Start of INFORMATION PROVIDED
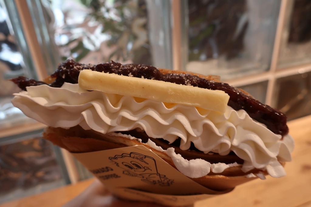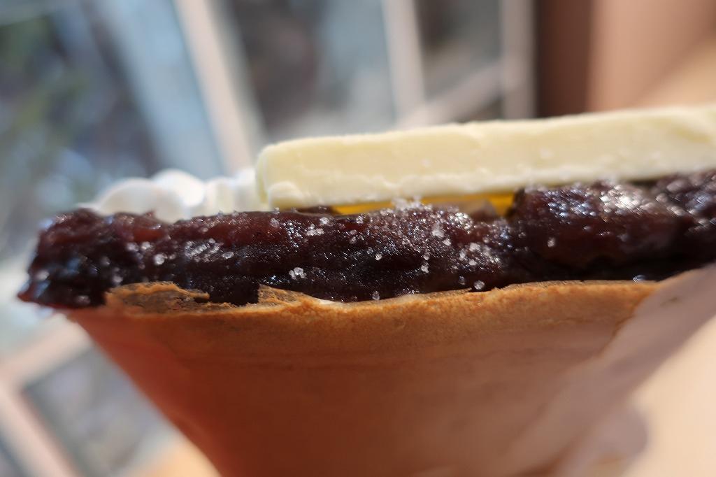 皮がパリパリらしいというのと、このビジュアルで気になっていたクレープ。小倉あんバターをチョイスしました。
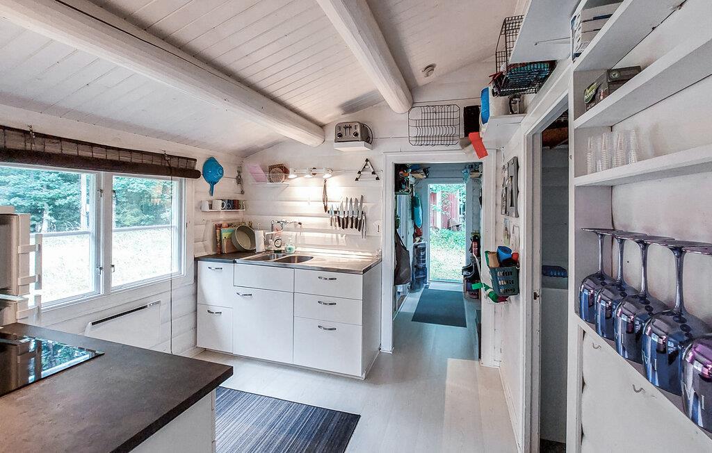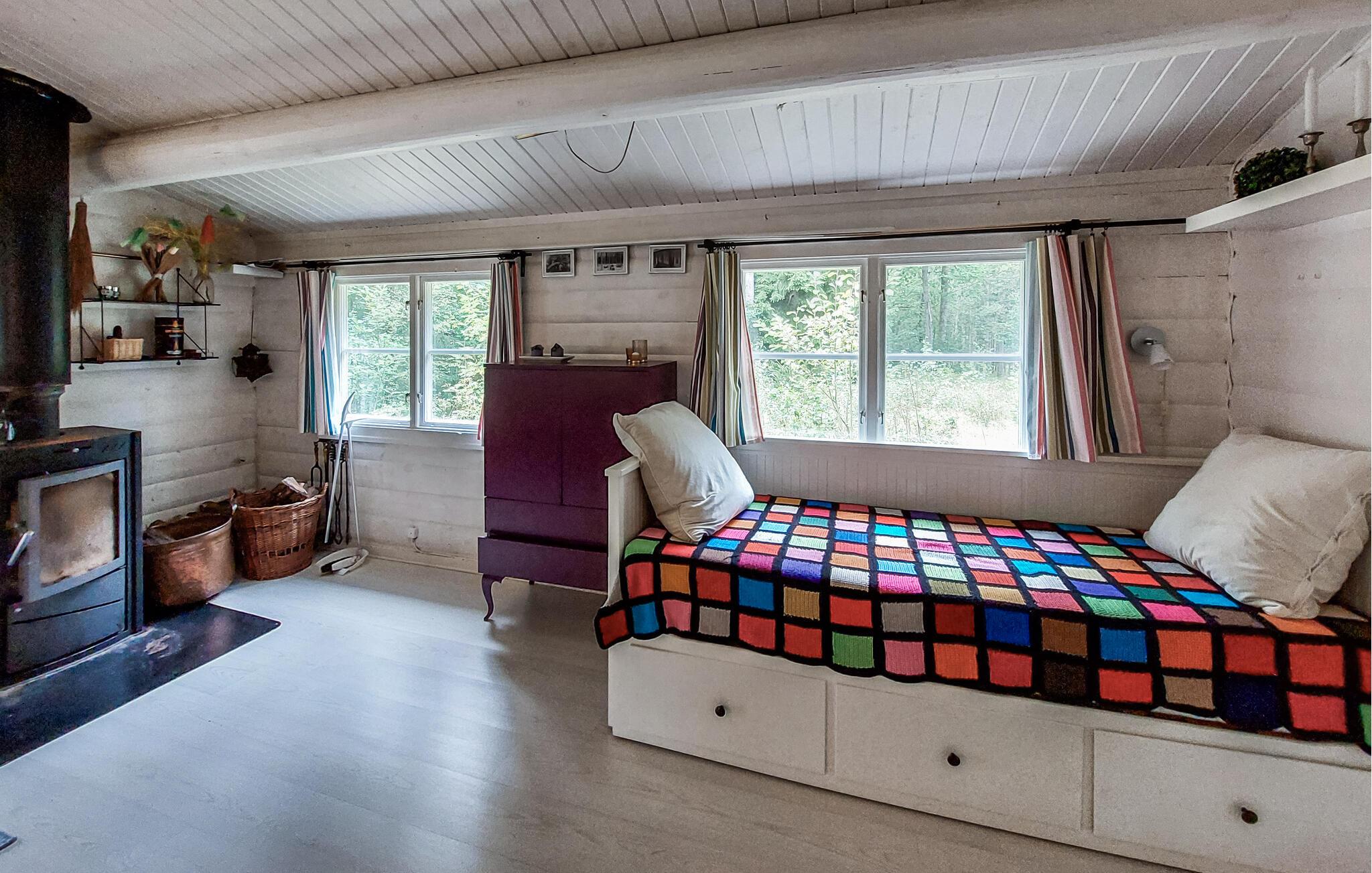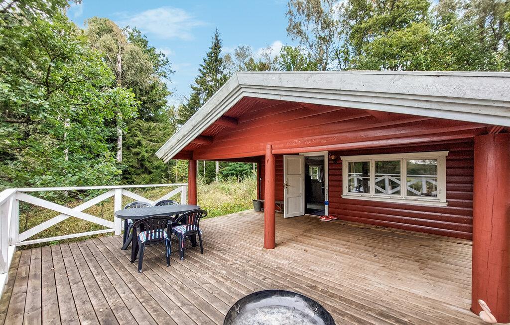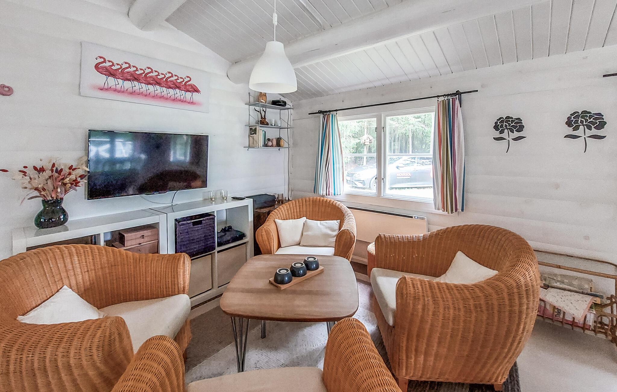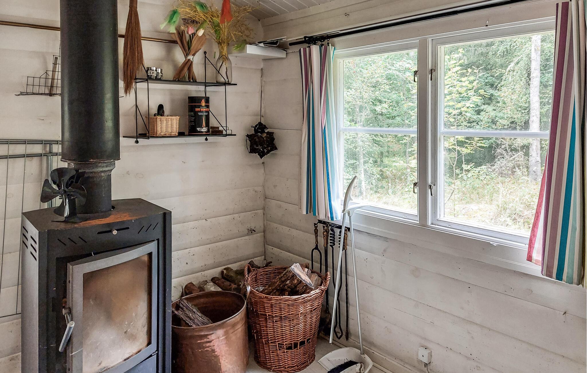 Indlejret i naturen tilbyder jeres charmerende træhus en rummelig terrasse med havemøbler, ideelt til lange aftener i de rolige omgivelser. Nyd skovens stilhed, mens I slapper af på terrassen og betragter naturen. Husets indre er lige så indbydende som de udendørs områder. Den hyggelige opholdsstue er lys og venlig og tilbyder rigelig plads til jeres familie eller venner. Læn jer tilbage i de komfortable lænestole og nyd fælles aftener med en film, en god bog eller sjove selskabsspil. Saml jer ved spisebordet til hyggelige måltider. I kan også gøre det hyggeligt ved brændeovnen og lytte til den afslappende knitren fra ilden.
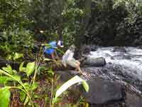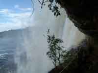 After a short discussion, Chris & I decided that we would opt to walk to the base of the falls straight away, then return by canoe to Waku that afternoon. This was only accepted by the hotel with very bad grace. Anyway the walk to see the base of the falls was an hour and a half each way, through difficult terrain. Difficult as the path was over surface roots the whole way, and over an uphill route. The sun had gone from the falls, so the photos are not as good as the earlier ones from the canoe. Chris was just about all in by the time we finished the walk.
End of INFORMATION PROVIDED
> [TASK REQUIREMENTS]:
An exact transcription of the material is required, without any pictures.

> [EXERCISE OUTPUT]:
 皮がパリパリらしいというのと、このビジュアルで気になっていたクレープ。小倉あんバターをチョイスしました。
 Indlejret i naturen tilbyder jeres charmerende træhus en rummelig terrasse med havemøbler, ideelt til lange aftener i de rolige omgivelser. Nyd skovens stilhed, mens I slapper af på terrassen og betragter naturen. Husets indre er lige så indbydende som de udendørs områder. Den hyggelige opholdsstue er lys og venlig og tilbyder rigelig plads til jeres familie eller venner. Læn jer tilbage i de komfortable lænestole og nyd fælles aftener med en film, en god bog eller sjove selskabsspil. Saml jer ved spisebordet til hyggelige måltider. I kan også gøre det hyggeligt ved brændeovnen og lytte til den afslappende knitren fra ilden.
 After a short discussion, Chris & I decided that we would opt to walk to the base of the falls straight away, then return by canoe to Waku that afternoon. This was only accepted by the hotel with very bad grace. Anyway the walk to see the base of the falls was an hour and a half each way, through difficult terrain. Difficult as the path was over surface roots the whole way, and over an uphill route. The sun had gone from the falls, so the photos are not as good as the earlier ones from the canoe. Chris was just about all in by the time we finished the walk.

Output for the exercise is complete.